The important point here is a callback is only executed when the call stack is empty. Below is an example that demonstrates the problem with this. The loop underneath will have to be completely done (regardless of duration) before the setTimeout callback can be executed. Therefore, the for loop is blocking and not truly concurrent. Even if the time set was 0ms!

new Promise(resolve => {
  setTimeout(() => {
    console.log("Hello");
  }, 0);
});

for (i = 0; i <= 100000; i++) {
  console.log(i);
}

So Javascript, in itself, is not concurrent.

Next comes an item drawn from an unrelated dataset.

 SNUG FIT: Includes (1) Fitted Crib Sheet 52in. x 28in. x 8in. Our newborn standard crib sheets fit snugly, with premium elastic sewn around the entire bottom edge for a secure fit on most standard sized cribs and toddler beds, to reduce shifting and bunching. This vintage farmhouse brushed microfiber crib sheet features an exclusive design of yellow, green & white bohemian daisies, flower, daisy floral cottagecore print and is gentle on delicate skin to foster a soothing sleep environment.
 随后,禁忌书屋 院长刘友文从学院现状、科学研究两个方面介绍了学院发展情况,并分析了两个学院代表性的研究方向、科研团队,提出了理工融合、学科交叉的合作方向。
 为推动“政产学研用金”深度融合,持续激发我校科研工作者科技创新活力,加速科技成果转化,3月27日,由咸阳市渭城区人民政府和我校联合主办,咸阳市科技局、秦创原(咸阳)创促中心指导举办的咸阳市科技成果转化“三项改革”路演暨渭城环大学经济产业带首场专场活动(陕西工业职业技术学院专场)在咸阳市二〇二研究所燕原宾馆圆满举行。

But the environment in which it is run in, is, as we can have various http requests, setTimeouts, etc in process, but only deal with them one at a time and with an empty call stack on the single thread that Javascript runs on.

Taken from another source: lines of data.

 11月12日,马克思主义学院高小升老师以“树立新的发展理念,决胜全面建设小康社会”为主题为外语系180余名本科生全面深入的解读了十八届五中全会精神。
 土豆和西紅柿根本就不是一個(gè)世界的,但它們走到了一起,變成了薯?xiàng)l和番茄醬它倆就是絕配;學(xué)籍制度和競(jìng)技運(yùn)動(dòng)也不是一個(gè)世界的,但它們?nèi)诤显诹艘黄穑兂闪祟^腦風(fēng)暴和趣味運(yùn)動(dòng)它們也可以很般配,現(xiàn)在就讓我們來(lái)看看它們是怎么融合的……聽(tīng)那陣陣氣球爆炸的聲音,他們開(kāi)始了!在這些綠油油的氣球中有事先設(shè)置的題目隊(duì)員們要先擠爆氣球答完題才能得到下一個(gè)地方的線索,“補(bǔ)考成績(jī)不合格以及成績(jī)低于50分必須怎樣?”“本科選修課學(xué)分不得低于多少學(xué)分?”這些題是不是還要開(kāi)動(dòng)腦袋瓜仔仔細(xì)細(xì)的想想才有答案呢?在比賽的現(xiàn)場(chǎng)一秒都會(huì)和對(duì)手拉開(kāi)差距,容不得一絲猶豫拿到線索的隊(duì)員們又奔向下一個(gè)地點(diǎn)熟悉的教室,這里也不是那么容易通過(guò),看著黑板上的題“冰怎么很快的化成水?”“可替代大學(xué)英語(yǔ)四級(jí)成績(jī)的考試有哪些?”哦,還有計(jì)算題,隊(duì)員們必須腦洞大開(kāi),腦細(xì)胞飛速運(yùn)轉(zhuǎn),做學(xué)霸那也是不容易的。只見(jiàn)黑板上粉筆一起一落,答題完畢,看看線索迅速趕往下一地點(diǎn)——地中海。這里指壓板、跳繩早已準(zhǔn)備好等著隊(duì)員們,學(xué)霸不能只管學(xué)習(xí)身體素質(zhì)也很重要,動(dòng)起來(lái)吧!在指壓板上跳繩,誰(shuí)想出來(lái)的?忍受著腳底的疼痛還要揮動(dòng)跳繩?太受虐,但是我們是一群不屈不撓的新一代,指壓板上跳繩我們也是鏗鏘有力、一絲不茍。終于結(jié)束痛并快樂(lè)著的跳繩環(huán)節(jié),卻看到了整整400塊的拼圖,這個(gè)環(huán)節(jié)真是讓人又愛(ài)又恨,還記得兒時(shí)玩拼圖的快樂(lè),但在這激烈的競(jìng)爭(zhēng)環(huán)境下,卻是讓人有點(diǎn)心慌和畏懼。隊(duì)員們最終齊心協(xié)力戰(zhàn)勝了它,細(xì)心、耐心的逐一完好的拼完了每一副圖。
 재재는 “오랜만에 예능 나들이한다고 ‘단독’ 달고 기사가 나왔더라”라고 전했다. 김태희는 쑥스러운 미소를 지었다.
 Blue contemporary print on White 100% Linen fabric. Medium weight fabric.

It must be noted that there are some ways to achieve true concurrency using web workers, but that is out of scope here.

Concurrency in Go

In contrast, the somewhat equivalent in Go, would be:

package main

import (
  "fmt"
  "sync"
  "time"
)

func delayedLog(wg *sync.WaitGroup) {
  time.Sleep(time.Second / 2)
  fmt.Println("Hello")
  wg.Done()
}

func main() {
  var wg sync.WaitGroup
  wg.Add(1)

  go delayedLog(&wg)

  for i := 0; i <= 100000; i++ {
    fmt.Println(i)
  }

  wg.Wait()
}

The difference here, however, is that “Hello” can get printed at any point, even halfway through the loop (as fmt.Println is non-atomic).

Essentially, using the keyword go, the expression provided on the right hand side is run in a goroutine. A goroutine is a bit like a thread (a thread of execution at the OS level), except that it is handled by the go runtime and operates more like a green thread.

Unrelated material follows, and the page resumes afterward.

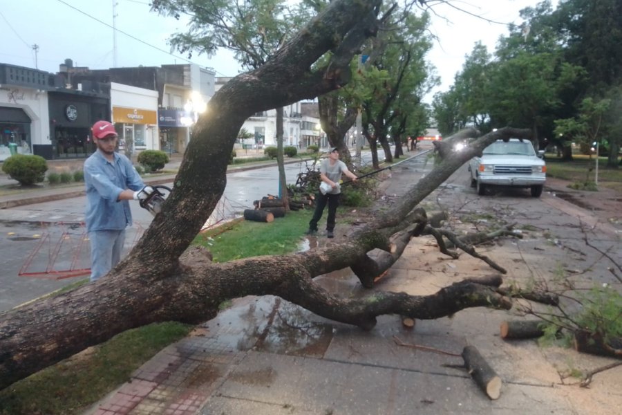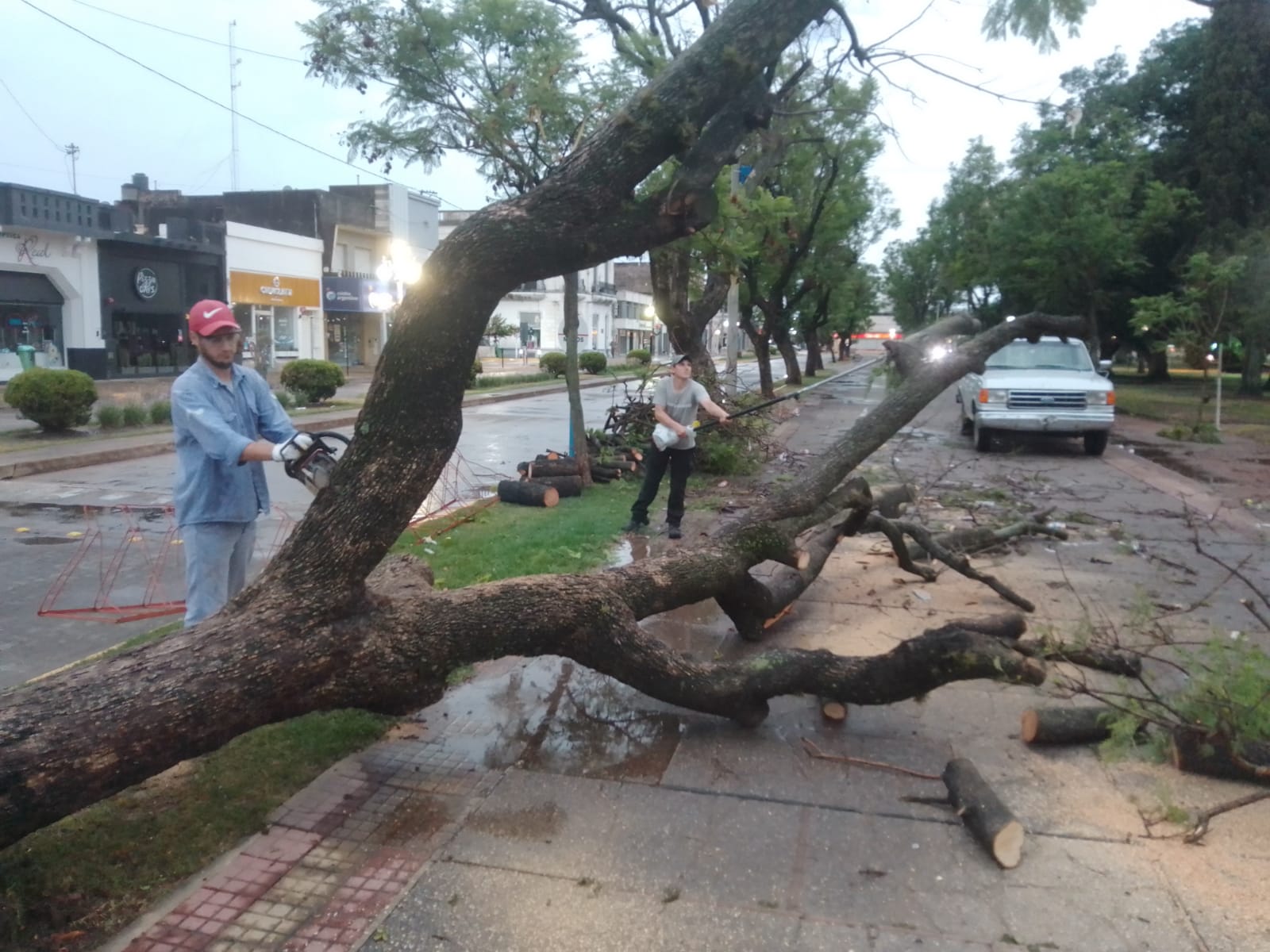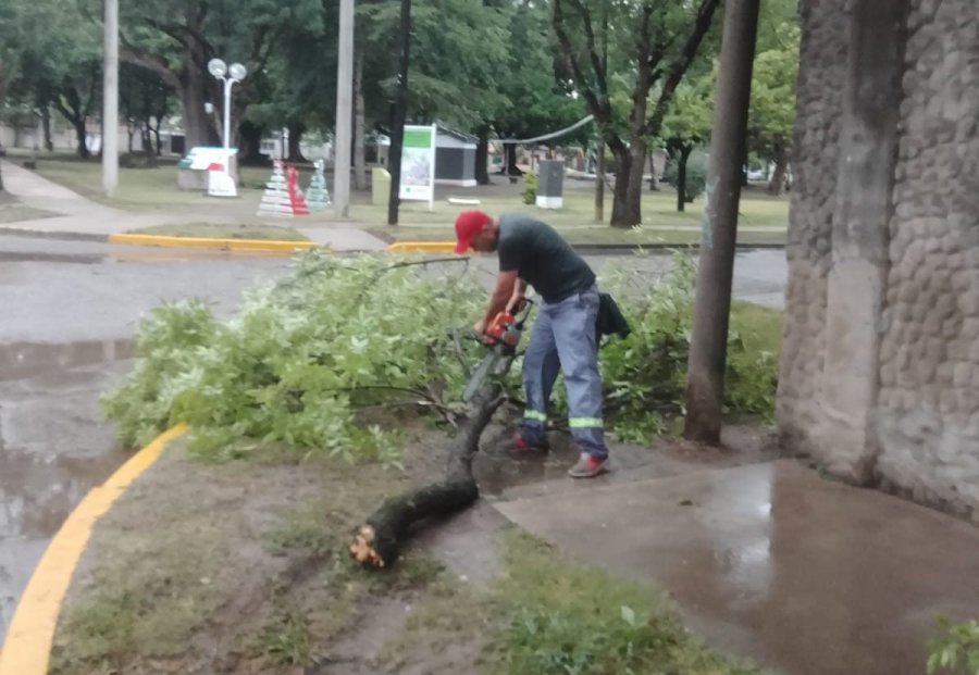 La Secretaría de Servicios Públicos de la Municipalidad de Esperanza confirmó que recibió 37 reclamos por ramas y árboles caídos. Que desde las 22 del viernes varias cuadrillas de agentes municipales fueron rotando en la prestación de servicios y que la totalidad de árboles caídos es de siete, uno de ellos en plaza San Martín.

To communicate between goroutines, this example uses waitgroups, this allows the calling goroutine to know when the goroutine, or multiple goroutines, are complete. We require it in the example above as otherwise it’s possible the program will terminate before the goroutine is complete.

If you wish to pass data between goroutines, then you would want to look at channels.

Concurrency Issues

With true concurrent languages like Go, it requires a little more thought and work as we can run into various types of issues with order of execution if we are not careful. Because sometimes ordering is important. One of these is known as a race condition.

A race condition is where two or more threads can access shared data and try to alter it at the same time. Suppose we have 2 threads that are trying to update the value of a user’s account balance:

  1. Thread A reads the current balance of £100.
  2. Thread B reads the current balance of £100.
  3. Thread A is processing a debit transaction of £60, so with the previous read value, calculates the new balance to be £40.
  4. Thread A writes the new balance of £40.
  5. Thread B is processing a debit transaction of £20, so with the previous read value, calculates the new balance to be £80.
  6. Thread B writes the new balance of £80.

As a user, you would be over the moon at this, the first transaction was completely void due to Thread B reading the initial balance of £100 and operating on that.

A common way to resolve this issue is using locks (or mutexes). A lock prevents a thread from being accessed by other threads at certain points. With locks in place, the process would look like this:

  1. Thread A reads the current balance of £100.
  2. Thread A locks the thread from being accessed.
  3. Thread B attempts to read, but is unable to due to the lock, so waits.
  4. Thread A is processing a debit transaction of £60, so with the previous read value, calculates the new balance to be £40.
  5. Thread A writes the new balance of £40.
  6. Thread A unlocks the thread.
  7. Thread B reads the current balance of £40.
  8. Thread B is processing a debit transaction of £20, so with the previous read value, calculates the new balance to be £20.
  9. Thread B writes the new balance of £20.

This solves the issue quite well and is used particularly often. However, if we had a huge amount of updates to make, then there would be a lot of threads just waiting for their turn. If 100% accuracy was trivial, then one approach you could take is batching updates together to prevent as many locks.